Peter não sabia se ficava triste ou feliz com a ideia de voltar no tempo. Mas naquele momento, ele teve grande vontade de ficar no presente. Swift era o melhor mestre que ele já tivera em toda a vida, Peter o amava como um pai. E nenhum filho que se preze gostaria que seu pai morresse. Peter chorava...

Um pranto de exata angústia.

— Por fim... – Murmurou o shinigame se divertindo com a conversa agradável que levava com Swift. – Tem outro mago me invocando... Qual das execrações almeja no dia de hoje?

— “Viagem no tempo”... – Disse Swift com acuidade. – Mas não sou eu quem vai viajar no tempo... Mas meu discípulo Peterson Riddle. Para há um mês.

— Oh! – Exclamou o shinigame. – Que pedido interessante! E qual a troca equivalente?
– A minha existência! – Respondeu Swift com vivacidade.

— O. K. – Exclamou o shinigame intensamente interessado nos motivos. – Tempora!

— Peter... – Murmurou Swift satisfeito em dar a própria vida de bom grado. – As coisas mudarão...

Peter olhou brevemente para o rosto pálido de Swift – sabendo que séria a última vez que o veria – e tentou memorizar cada feição. Sentiu uma onda de intensa melancolia o consumir. Ele sabia. Aquela era a última vez que o veria. Swift sorria com a despedida, os olhos azuis cintilando felizmente a luz da lua se cobrindo por lisíssimos cabelos loiros faiscantes. Peter gritou. Mas ninguém pode escutá-lo.

O tempo parou.

Então abruptamente começou a andar para trás velozmente como um veloz flash de imagens no reverse.
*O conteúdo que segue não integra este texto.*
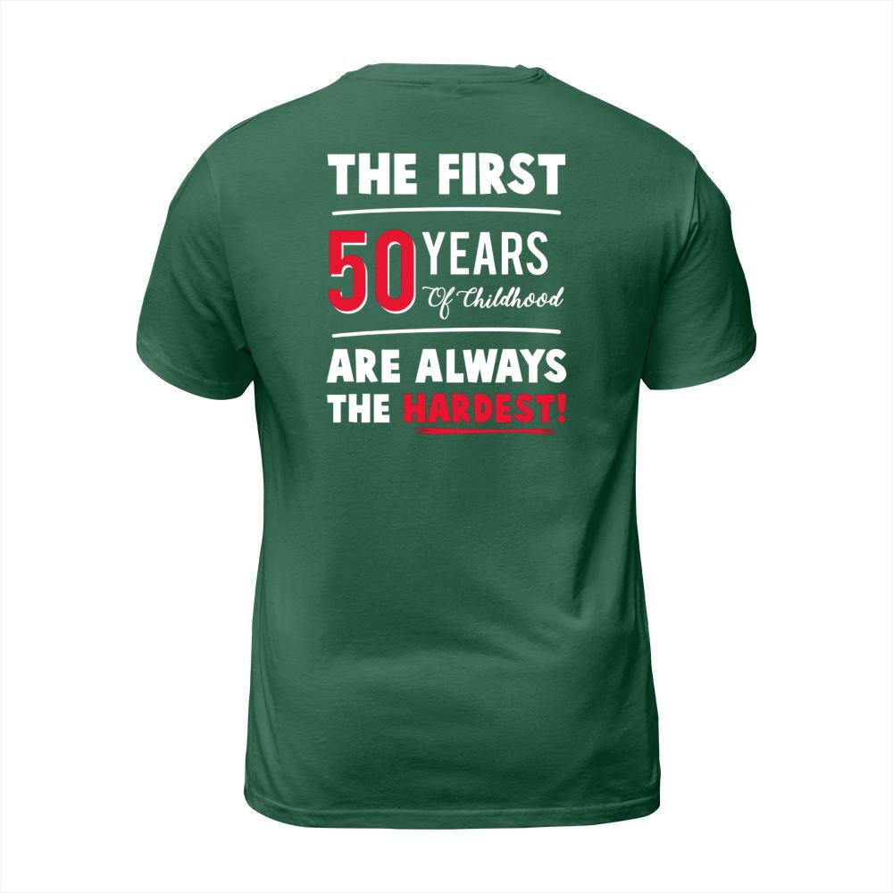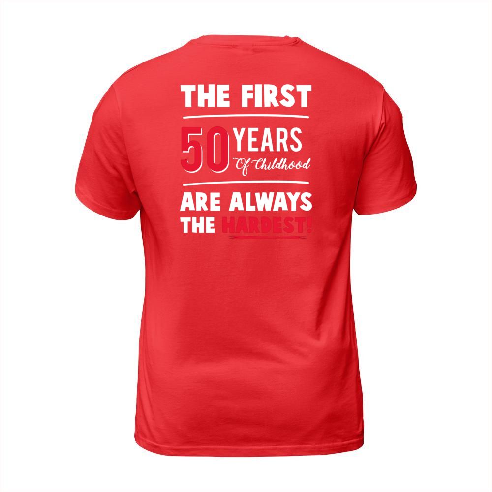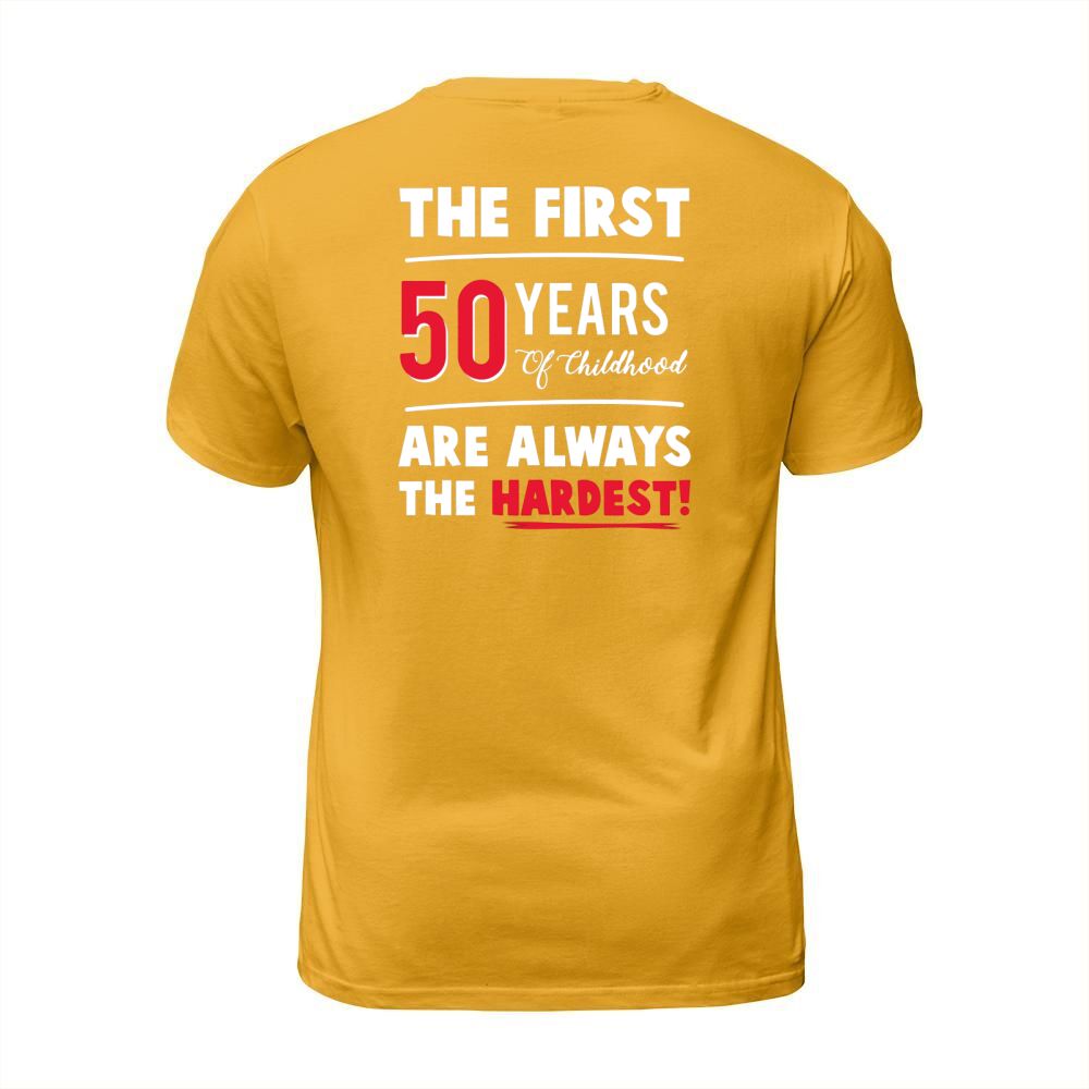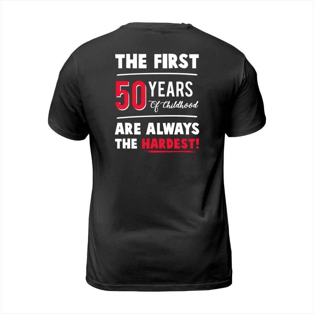 Shop The First 50 Years Of Childhood Are Always Hardest Funny Tee T-Shirt Unisex custom made just for you. Available on many styles, sizes, and colors.
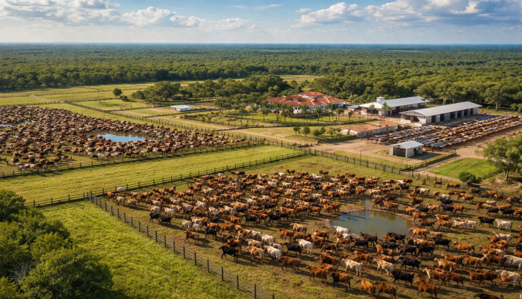 Para efeito comparativo, poucas propriedades na América do Sul combinam domínio pleno da terra, escala acima de 40 mil hectares e quase 50 mil cabeças em operação contínua.
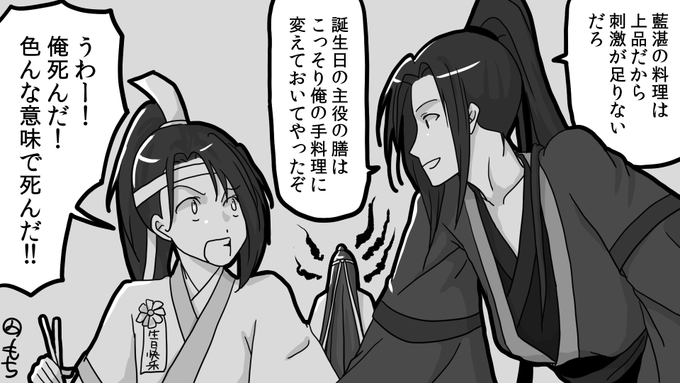 魏嬰の手料理を自分以外が食べたと知っても、誕生日だからきっと含光君も多めに見てくれるよ。 辛くて倒れるかもだけど。 #蓝景仪0824生日快乐 #藍景儀0824生日快乐 #HappyLanJingyiDay #魔道祖師落書き 無駄に嫉妬深くなければ含光君ではない。その17。
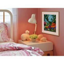 Een slingerend pad met kleurrijke paddenstoelen dat zijn weg vindt tussen bloemen en onder bomen leidt ons het magische bos in. De paddenstoelen in hun felle kleuren en de wezens die heen en weer vliegen zijn bij ons voor gezelschap. Kind of volwassene, deze mystieke kijk betovert de kijkers en nodigt uit tot dromen.
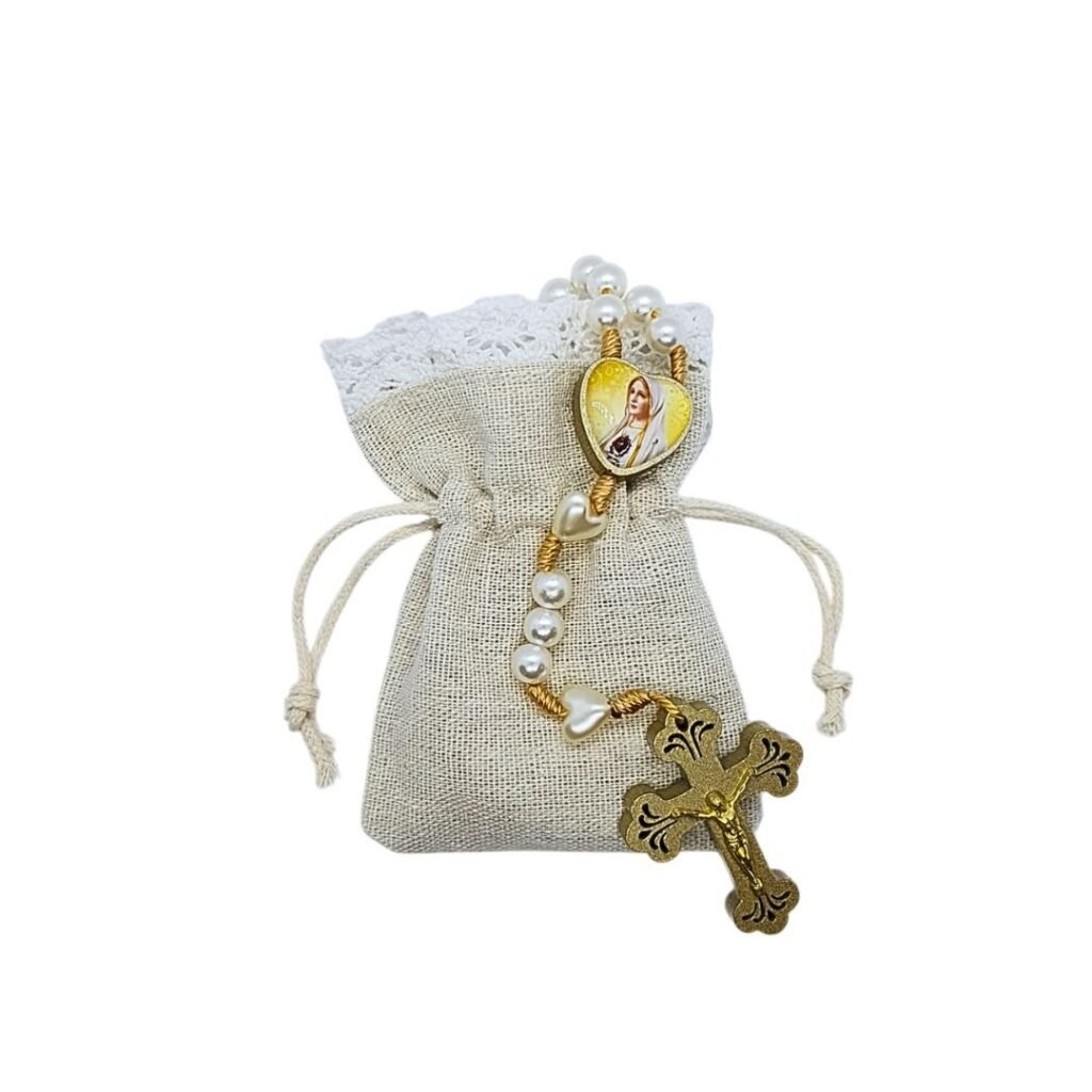Terço de Pérola 6MM c/Medalhas Santo António/São Francisco
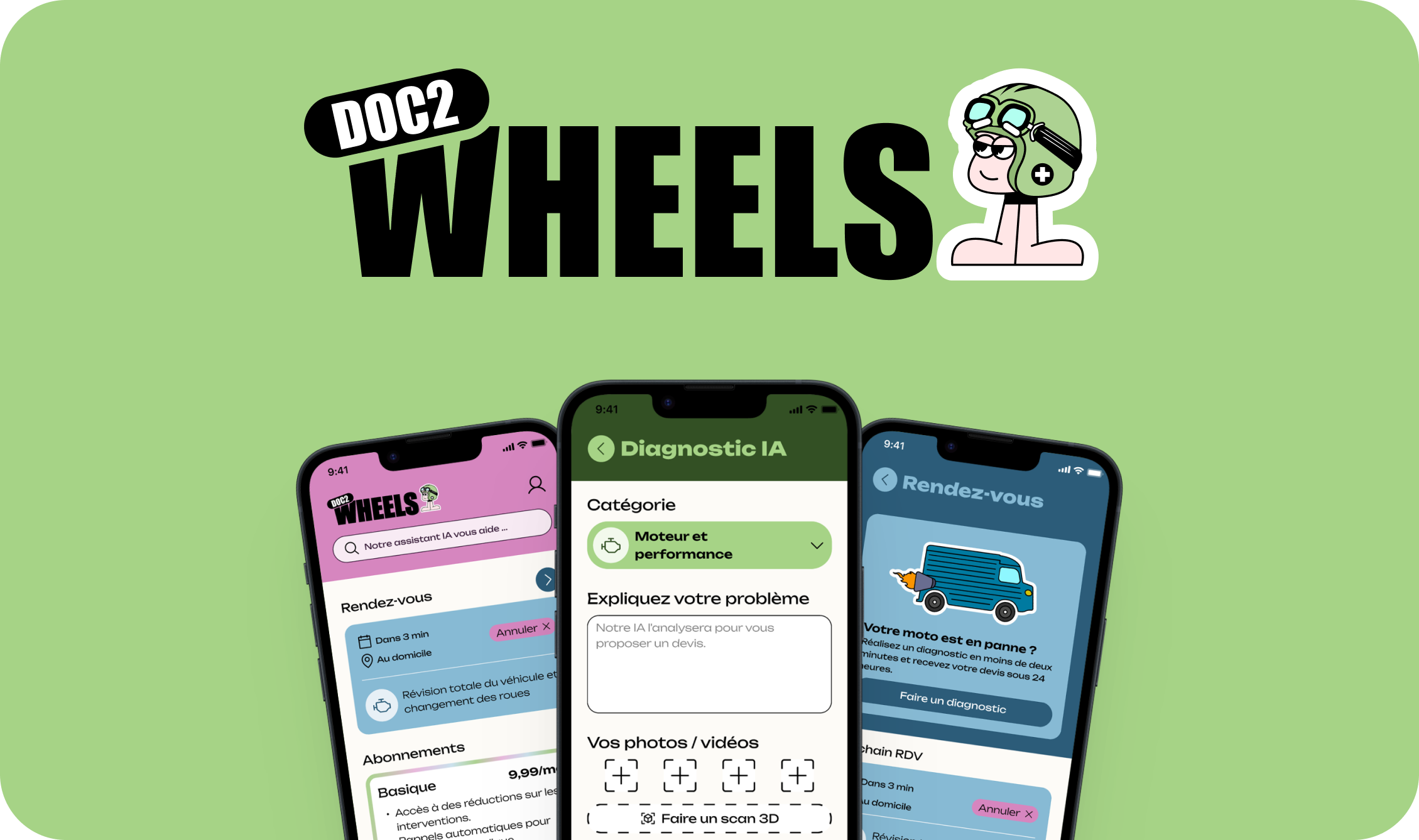 Doc 2 Wheels offre un service mobile de réparation pour motos et scooters, accessible où que vous soyez à domicile, au bureau ou en déplacement via une application dédiée. Découvrez notre vision et notre identité visuelle pour ce projet.

Peter estava retornando ao passado.

O céu se oscilava entre noite e dia ligeiramente; as chamas azuis se esvaeceram; as casas se regeneraram; os asfaltos se restauram, não estando mais repartidos; os cadáveres desapareceram de abrupto; as árvores tomaram de volta suas folhagens que se encontravam derramadas sobre o chão; todas as memórias de Peter passaram rapidamente pelos seus olhos de Peter.

A terra estava girando ao contrário.

Eis que tudo se desfez em um clarão difuso de vultos coloridos. Peter sentiu que seu corpo se desintegrava gradativamente. Até que seus olhos se escureceram e ele sentiu sua consciência se esvaziar. Algo o fez se sentir ao menos um pouco feliz.

Estava voltando para seu passado... que dessa vez...prometia ser feliz.